> _TASK BRIEF_: The response should consist only of the lines from the one with "Bir diğer önemli" to the end of the data below, copied exactly and without pictures.
STORED DATA START
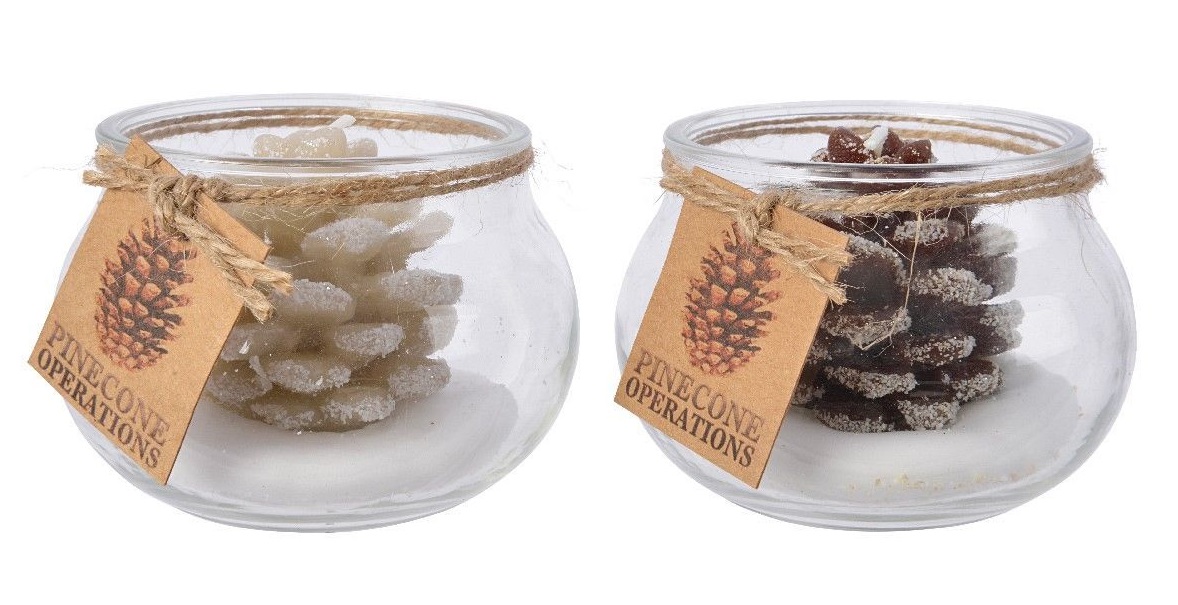 Lumânare în formă de con de pin într-un vas de sticlă.
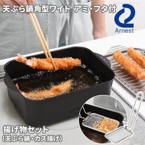 【2点セット】アーネスト 天ぷら鍋角型ワイド アミ・フタ付 A-77698 & 折りたたみ かす揚げ スクエア A-77744
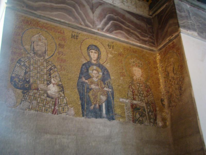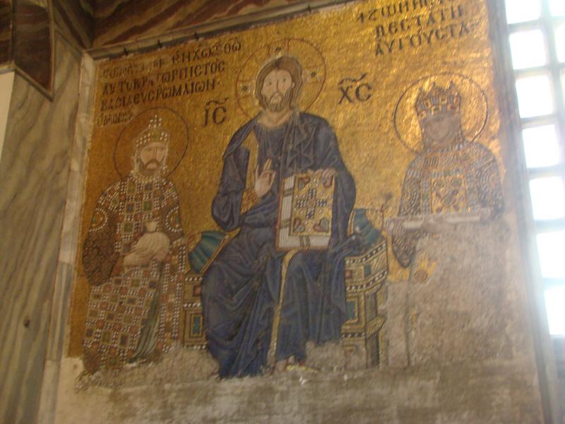 Bir diğer önemli mozaikte de Hz. İsa'nın İmparator 9. Konstantin Momomachos ve eşi Zoe'yi takdis edişi gösteriliyor. İmparatoriçe Zoe, birçok evlilik yapmış olmasına rağmen 50'li yaşlardan sonra ilk evliliğini yaptığı Romanos Argyros'la beraber tasvir edildiği Ayasofya'daki mozaik ile ölümsüzleşmiş. Ancak kocalarının ölümünden dolayı yaptığı her evlilikte mozaikteki Zoe tasviri sabit dururken kocasına ait yüz kazınıp yenisi resmedilmiş. Şu an mozaikte son kocası Momomachos'un yüzü bulunuyor.
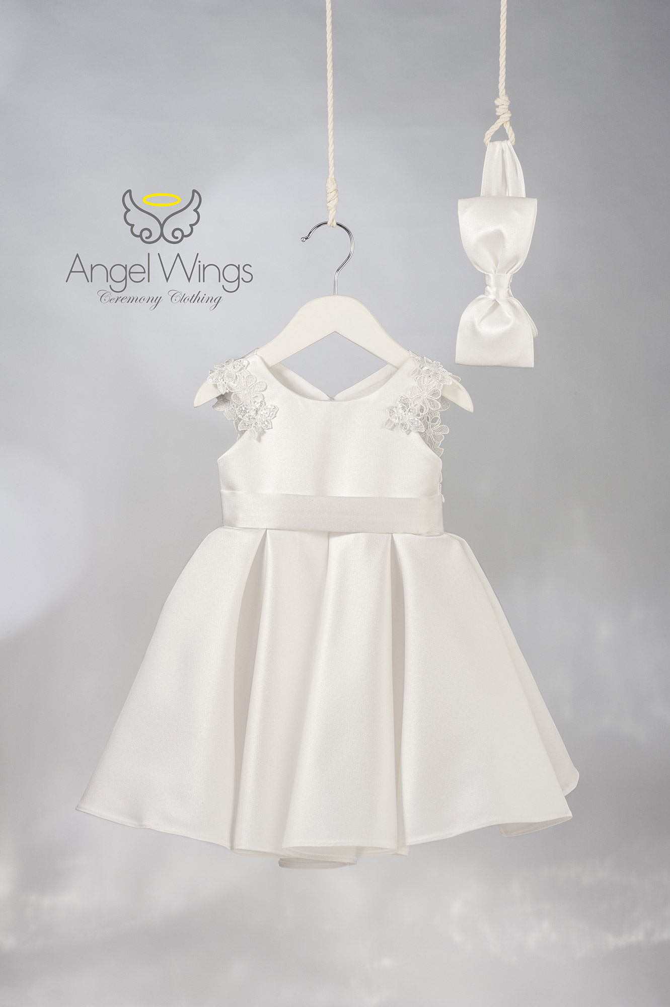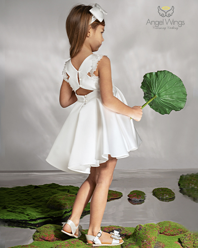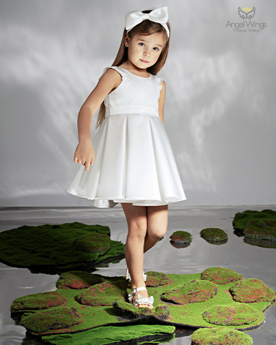 Το σύνολο συμπληρώνεται ιδανικά με σατέν κορδέλα μαλλιών διακοσμημένη με μεγάλο εντυπωσιακό φιόγκο, προσθέτοντας μια ρομαντική και πολυτελή πινελιά που ολοκληρώνει αρμονικά την εμφάνιση.
STORED DATA END
> _ANSWER TO THIS TASK_:
 Bir diğer önemli mozaikte de Hz. İsa'nın İmparator 9. Konstantin Momomachos ve eşi Zoe'yi takdis edişi gösteriliyor. İmparatoriçe Zoe, birçok evlilik yapmış olmasına rağmen 50'li yaşlardan sonra ilk evliliğini yaptığı Romanos Argyros'la beraber tasvir edildiği Ayasofya'daki mozaik ile ölümsüzleşmiş. Ancak kocalarının ölümünden dolayı yaptığı her evlilikte mozaikteki Zoe tasviri sabit dururken kocasına ait yüz kazınıp yenisi resmedilmiş. Şu an mozaikte son kocası Momomachos'un yüzü bulunuyor.
 Το σύνολο συμπληρώνεται ιδανικά με σατέν κορδέλα μαλλιών διακοσμημένη με μεγάλο εντυπωσιακό φιόγκο, προσθέτοντας μια ρομαντική και πολυτελή πινελιά που ολοκληρώνει αρμονικά την εμφάνιση.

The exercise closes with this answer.